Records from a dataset
::::::::::
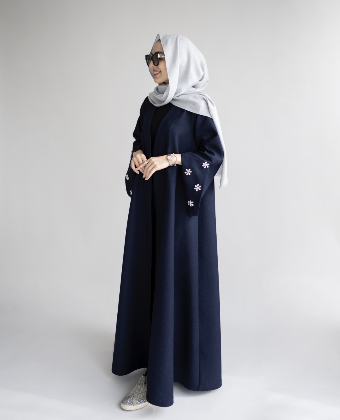 مانتو ژاکارد جواهر دوزی سورمه ای
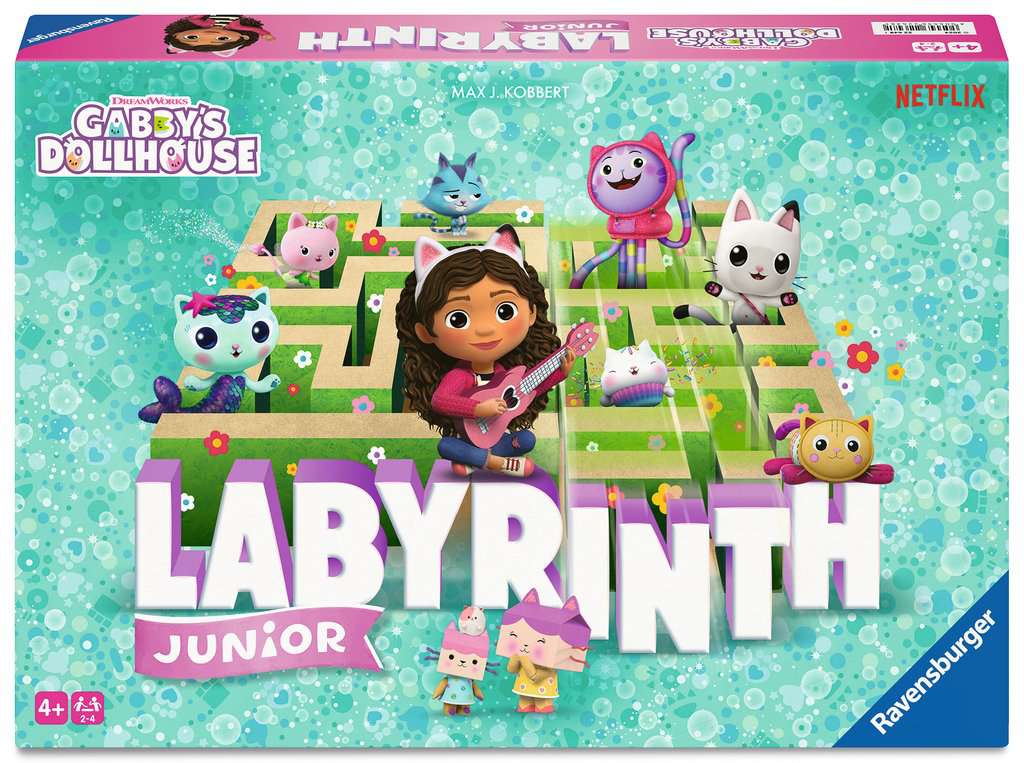 In this junior edition of the internationally known classic game “The Crazy Labyrinth”, children aged 4 and up search for the popular characters from the animated series Gabby’s Dollhouse. By skillfully and foresightfully moving the cards on the game board, the players create new paths that lead to the sought-after series heroes. Whoever keeps an overview quickly reaches their goal and secures victory.
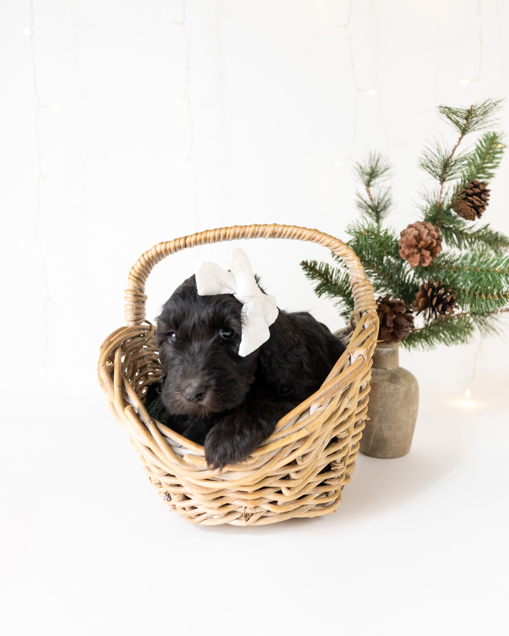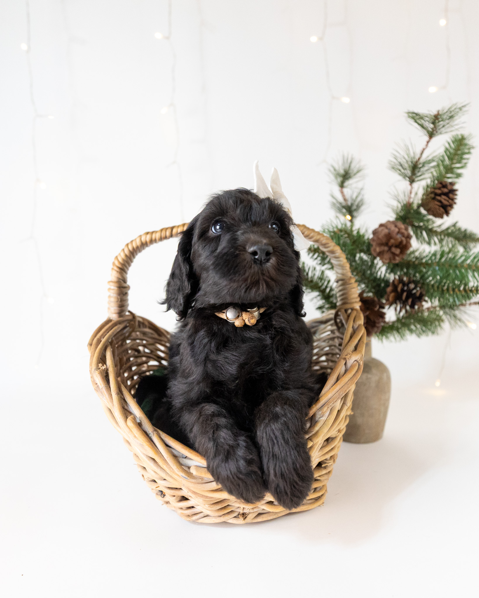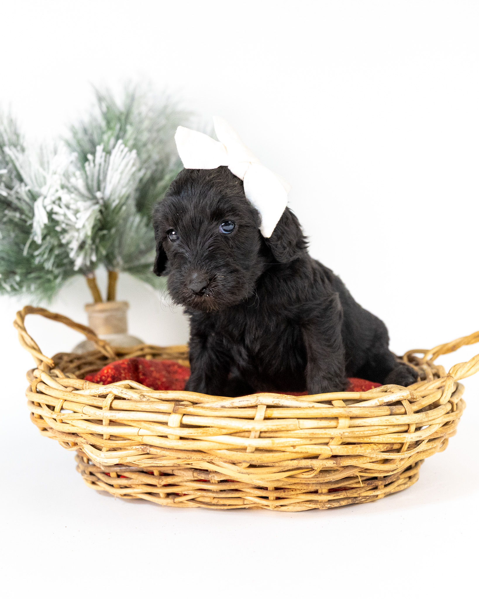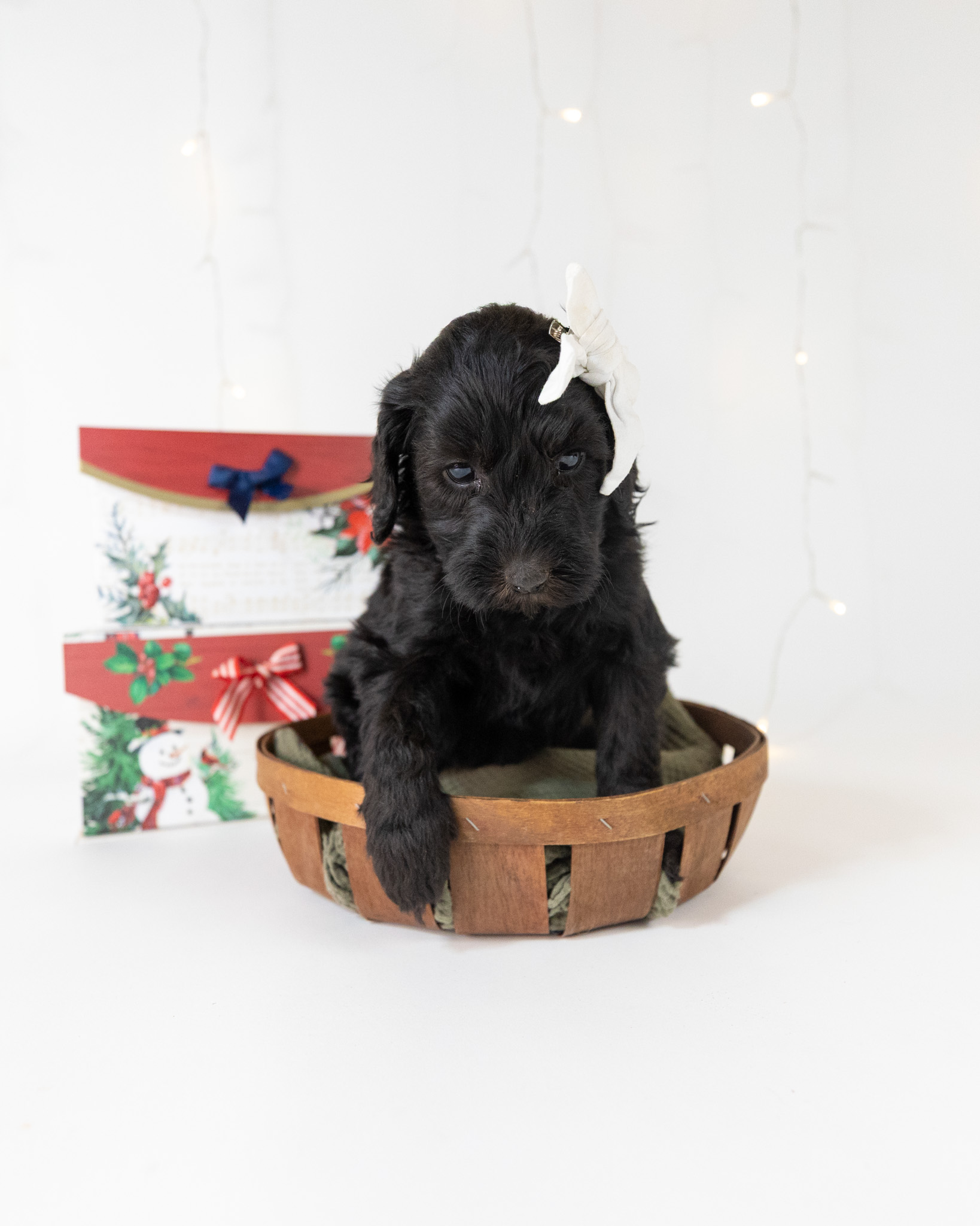 Jazzy is a black  multigen Goldendoodle puppy who will be ready for her fur-ever home around December 16th! Her soft, fluffy coat is hypoallergenic and non-shedding, ensuring endless snuggles without fear of allergic reactions. With a loyal and affectionate temperament, she is the perfect forever friend!
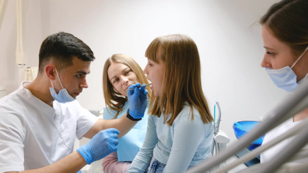 A dentist and his assistants examine the oral cavity of a red-haired teenage girl. assistants
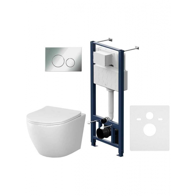Полностью готовый к установке комплект: система инсталляции с клавишей подвесной унитаз с сиденьем. Неразборная рама из стального профиля выдерживает нагрузку до 400 кг.
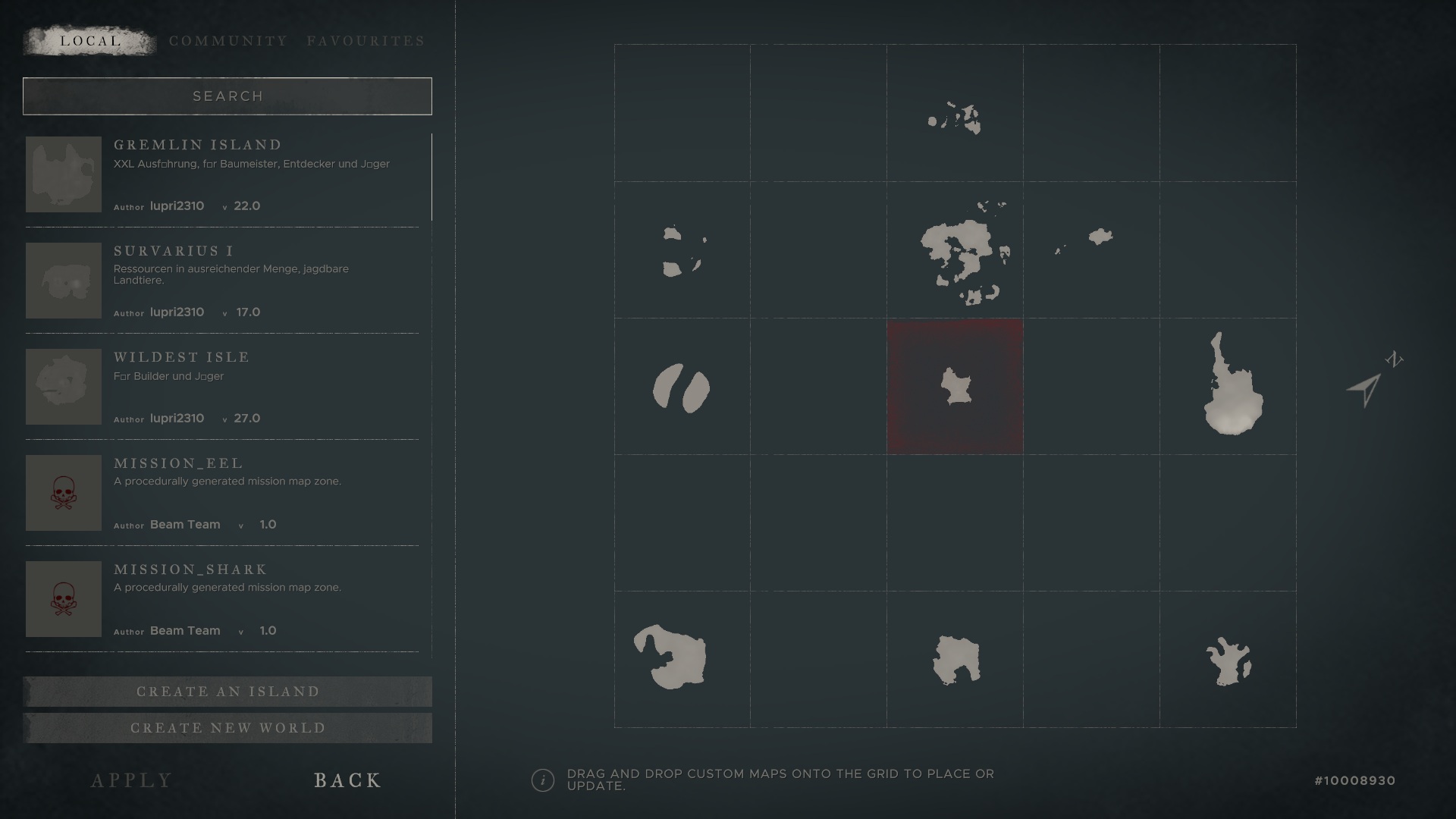 Nein, @Max_BerlinGo, Du musst im Grunde keine neue Inselwelt erstellen. Sollte die ältere Version der Insel schon auf der Karte sein, die Du durch die neue Version ersetzen willst, dann musst Du diese leider löschen, mit Apply speichern, dann die neuere Insel einsetzen.
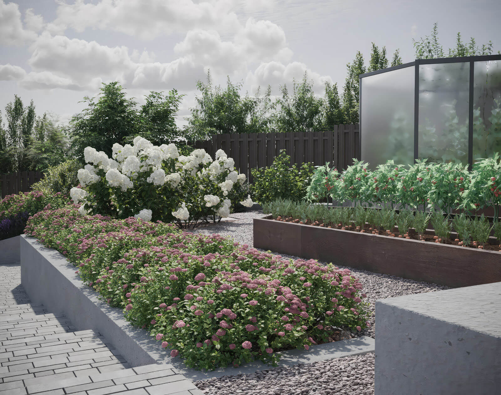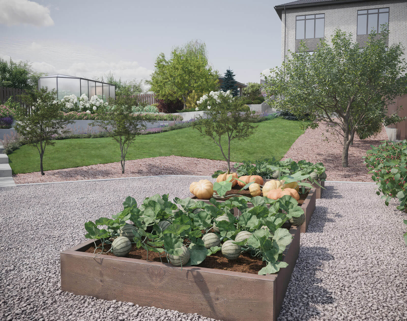 Чтобы скрыть соседние постройки, теплицы и добавить динамики в ландшафт, разработала нетипичную
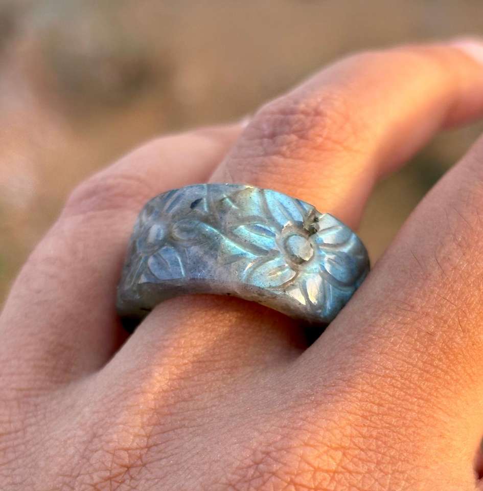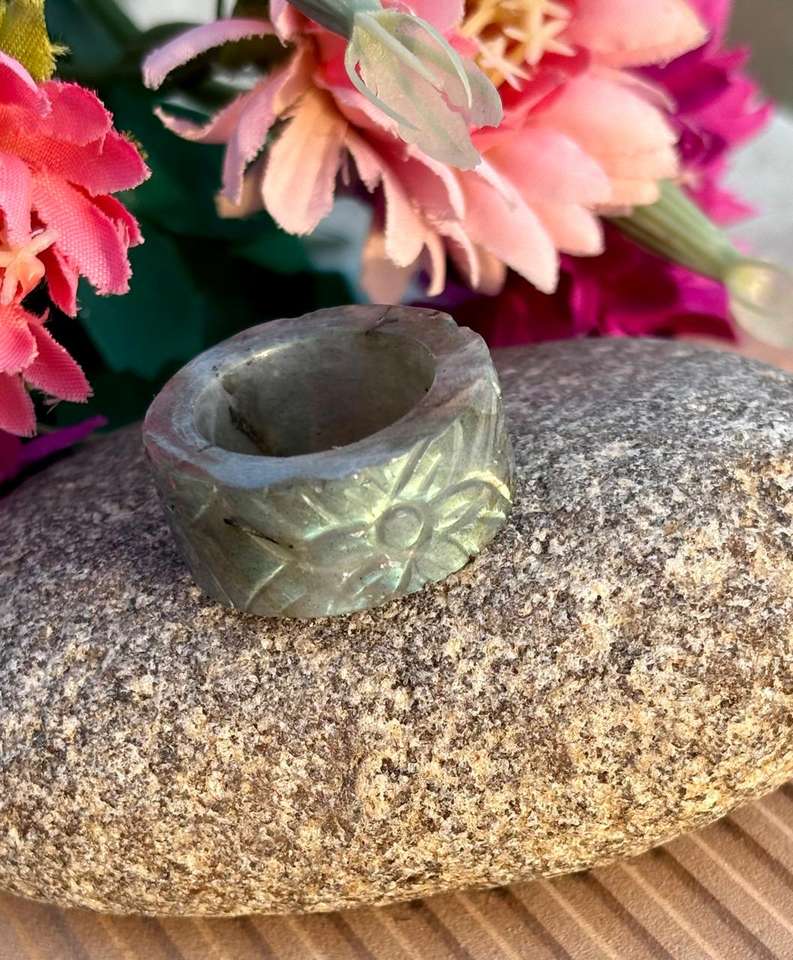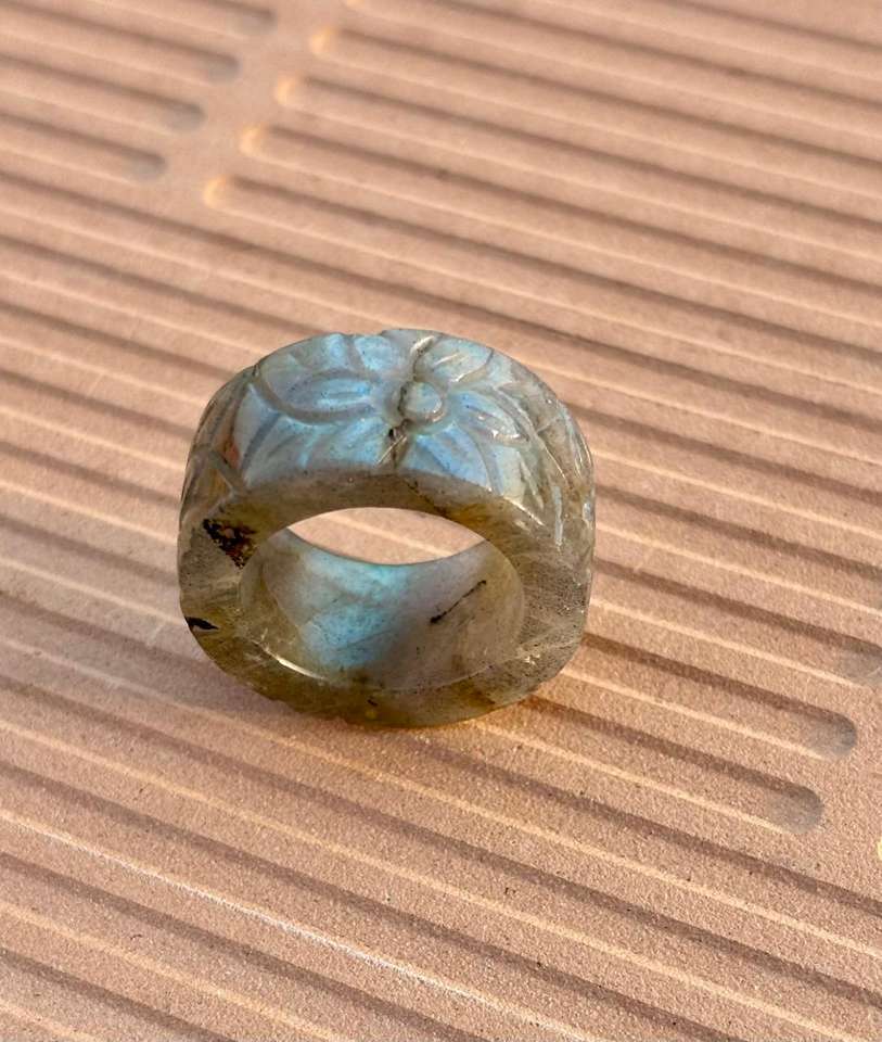 Natural Labradorite Gemstone Ring Statement Ring For Men Or Women Hand Carved Flower Designed Band Ring Special Gift For Her
::::::::::
▶ ASSIGNMENT: Reproduce all of the entries word for word, skipping any pictures they hold.

▶ RESULT OF THIS EXERCISE:
 مانتو ژاکارد جواهر دوزی سورمه ای
 In this junior edition of the internationally known classic game “The Crazy Labyrinth”, children aged 4 and up search for the popular characters from the animated series Gabby’s Dollhouse. By skillfully and foresightfully moving the cards on the game board, the players create new paths that lead to the sought-after series heroes. Whoever keeps an overview quickly reaches their goal and secures victory.
 Jazzy is a black  multigen Goldendoodle puppy who will be ready for her fur-ever home around December 16th! Her soft, fluffy coat is hypoallergenic and non-shedding, ensuring endless snuggles without fear of allergic reactions. With a loyal and affectionate temperament, she is the perfect forever friend!
 A dentist and his assistants examine the oral cavity of a red-haired teenage girl. assistants
Полностью готовый к установке комплект: система инсталляции с клавишей подвесной унитаз с сиденьем. Неразборная рама из стального профиля выдерживает нагрузку до 400 кг.
 Nein, @Max_BerlinGo, Du musst im Grunde keine neue Inselwelt erstellen. Sollte die ältere Version der Insel schon auf der Karte sein, die Du durch die neue Version ersetzen willst, dann musst Du diese leider löschen, mit Apply speichern, dann die neuere Insel einsetzen.
 Чтобы скрыть соседние постройки, теплицы и добавить динамики в ландшафт, разработала нетипичную
 Natural Labradorite Gemstone Ring Statement Ring For Men Or Women Hand Carved Flower Designed Band Ring Special Gift For Her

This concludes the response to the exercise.